The output is to match the entries below character for character.

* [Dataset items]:

********

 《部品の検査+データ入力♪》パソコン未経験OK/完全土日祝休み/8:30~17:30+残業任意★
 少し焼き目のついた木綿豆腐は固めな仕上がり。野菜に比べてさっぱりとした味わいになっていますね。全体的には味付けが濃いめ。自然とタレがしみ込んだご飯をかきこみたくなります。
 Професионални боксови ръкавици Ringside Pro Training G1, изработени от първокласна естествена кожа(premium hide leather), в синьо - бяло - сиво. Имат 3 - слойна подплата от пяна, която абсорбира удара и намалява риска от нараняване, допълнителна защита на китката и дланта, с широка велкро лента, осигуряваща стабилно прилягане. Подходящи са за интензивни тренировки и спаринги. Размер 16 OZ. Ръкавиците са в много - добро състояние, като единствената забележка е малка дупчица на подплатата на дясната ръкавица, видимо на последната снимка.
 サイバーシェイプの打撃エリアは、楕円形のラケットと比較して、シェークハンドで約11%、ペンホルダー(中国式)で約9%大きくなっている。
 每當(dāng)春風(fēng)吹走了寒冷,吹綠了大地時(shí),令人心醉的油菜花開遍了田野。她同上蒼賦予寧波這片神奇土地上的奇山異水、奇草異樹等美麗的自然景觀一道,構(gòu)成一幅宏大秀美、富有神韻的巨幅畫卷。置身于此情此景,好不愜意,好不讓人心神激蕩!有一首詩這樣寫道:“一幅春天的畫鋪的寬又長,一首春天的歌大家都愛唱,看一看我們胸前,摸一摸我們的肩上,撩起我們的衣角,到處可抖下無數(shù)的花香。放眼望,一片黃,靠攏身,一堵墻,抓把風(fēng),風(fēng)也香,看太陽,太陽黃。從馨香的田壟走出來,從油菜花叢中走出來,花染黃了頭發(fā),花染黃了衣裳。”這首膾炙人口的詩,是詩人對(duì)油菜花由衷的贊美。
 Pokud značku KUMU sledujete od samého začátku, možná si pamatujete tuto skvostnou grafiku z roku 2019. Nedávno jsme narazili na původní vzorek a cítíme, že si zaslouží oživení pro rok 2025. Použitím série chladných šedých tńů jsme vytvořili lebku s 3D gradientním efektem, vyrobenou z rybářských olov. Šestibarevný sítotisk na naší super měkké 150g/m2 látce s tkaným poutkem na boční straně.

********

* [RESPONSE BELOW]:
 《部品の検査+データ入力♪》パソコン未経験OK/完全土日祝休み/8:30~17:30+残業任意★
 少し焼き目のついた木綿豆腐は固めな仕上がり。野菜に比べてさっぱりとした味わいになっていますね。全体的には味付けが濃いめ。自然とタレがしみ込んだご飯をかきこみたくなります。
 Професионални боксови ръкавици Ringside Pro Training G1, изработени от първокласна естествена кожа(premium hide leather), в синьо - бяло - сиво. Имат 3 - слойна подплата от пяна, която абсорбира удара и намалява риска от нараняване, допълнителна защита на китката и дланта, с широка велкро лента, осигуряваща стабилно прилягане. Подходящи са за интензивни тренировки и спаринги. Размер 16 OZ. Ръкавиците са в много - добро състояние, като единствената забележка е малка дупчица на подплатата на дясната ръкавица, видимо на последната снимка.
 サイバーシェイプの打撃エリアは、楕円形のラケットと比較して、シェークハンドで約11%、ペンホルダー(中国式)で約9%大きくなっている。
 每當(dāng)春風(fēng)吹走了寒冷,吹綠了大地時(shí),令人心醉的油菜花開遍了田野。她同上蒼賦予寧波這片神奇土地上的奇山異水、奇草異樹等美麗的自然景觀一道,構(gòu)成一幅宏大秀美、富有神韻的巨幅畫卷。置身于此情此景,好不愜意,好不讓人心神激蕩!有一首詩這樣寫道:“一幅春天的畫鋪的寬又長,一首春天的歌大家都愛唱,看一看我們胸前,摸一摸我們的肩上,撩起我們的衣角,到處可抖下無數(shù)的花香。放眼望,一片黃,靠攏身,一堵墻,抓把風(fēng),風(fēng)也香,看太陽,太陽黃。從馨香的田壟走出來,從油菜花叢中走出來,花染黃了頭發(fā),花染黃了衣裳。”這首膾炙人口的詩,是詩人對(duì)油菜花由衷的贊美。
 Pokud značku KUMU sledujete od samého začátku, možná si pamatujete tuto skvostnou grafiku z roku 2019. Nedávno jsme narazili na původní vzorek a cítíme, že si zaslouží oživení pro rok 2025. Použitím série chladných šedých tńů jsme vytvořili lebku s 3D gradientním efektem, vyrobenou z rybářských olov. Šestibarevný sítotisk na naší super měkké 150g/m2 látce s tkaným poutkem na boční straně.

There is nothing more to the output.